Protecting Neighborhoods

Zoning advocates like to make lots of noises about how zoning will protect neighborhoods. Who could possibly be against that? Few people want to live in a crime infested neighborhood, or have neighbors with dilapidated cars in the front yard.

But like most advocates of government coercion, zoning supporters don’t acknowledge how they will protect neighborhoods. They don’t tell us the means by which they will achieve their ends. They want us to believe that the ends are so beneficial and so widely supported that the means are irrelevant.

But the ends do not justify the means. Any ends that require the initiation of force as their means are not justified. And this is precisely what zoning does.
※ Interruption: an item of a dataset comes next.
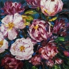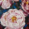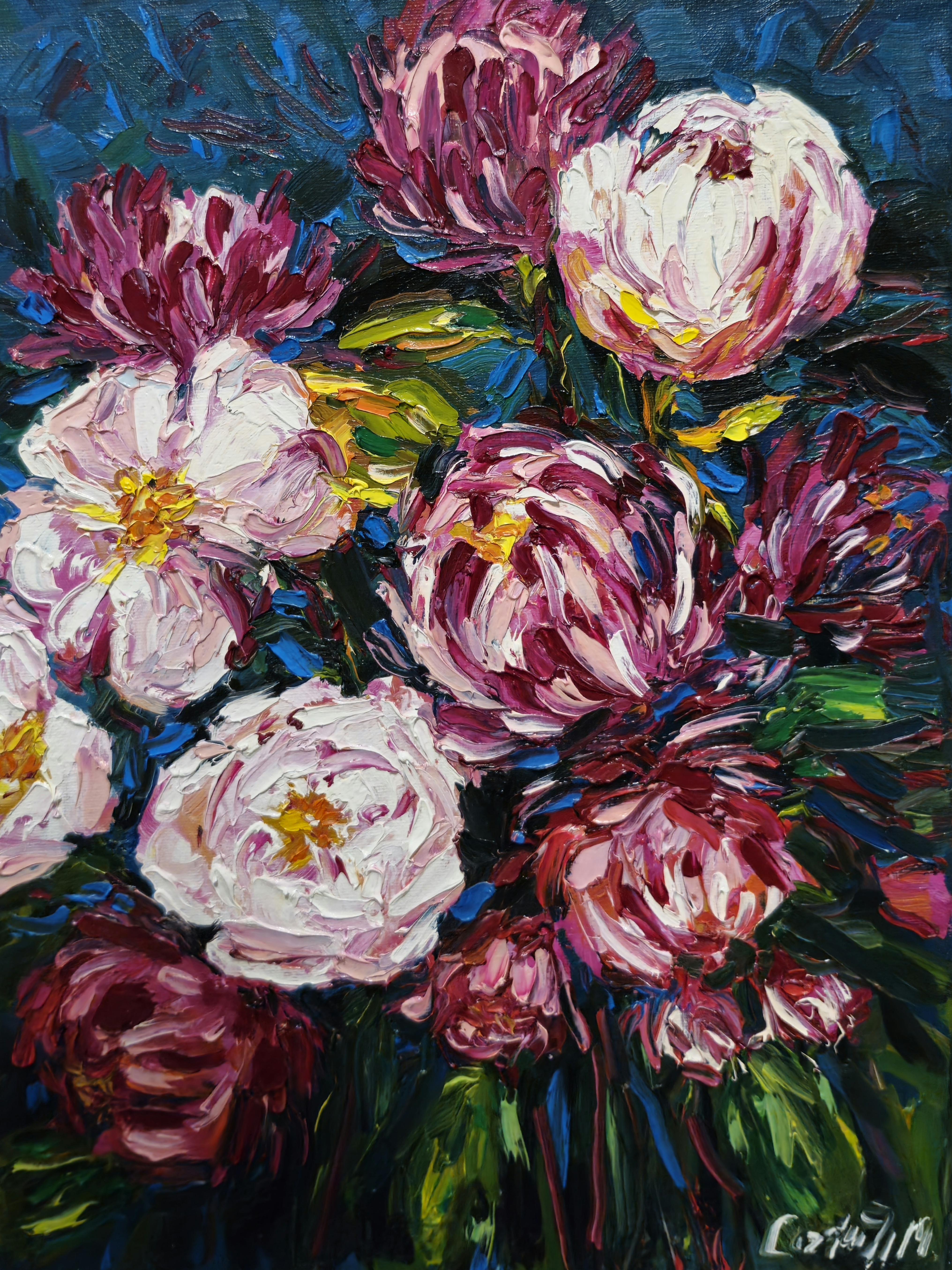 This oil painting on canvas depicts a bouquet of peonies, made in a bright and rich color scheme. The impasto technique is used, thick strokes of paint are applied, which gives the work volume and texture.

Zoning imposes restrictions on how you may use your property. Under zoning, you may use your property, not by right, but only with the permission of zoning officials. And if you violate their edicts, you are subject to fines and/ or jail time.

What this means is that if you build a shed that violates zoning codes, you could go to jail. If you install shutters that violate the zoning code, you could be fined. If you do anything on your property that zoning officials do not approve, you become a criminal.

To be “democratic” and “empower the people” zoning officials solicit input from neighbors during zoning hearings. Typically, if neighbors disapprove of your intended use, zoning officials will reject it. Which means, your neighbors will have a greater voice in the use of your property than you will.

Personally, I would much rather have neighbors with junky cars in the front yard than neighbors who tell me how to use my property. Junky cars are ugly. Power lusting neighbors are equally ugly, and also immoral.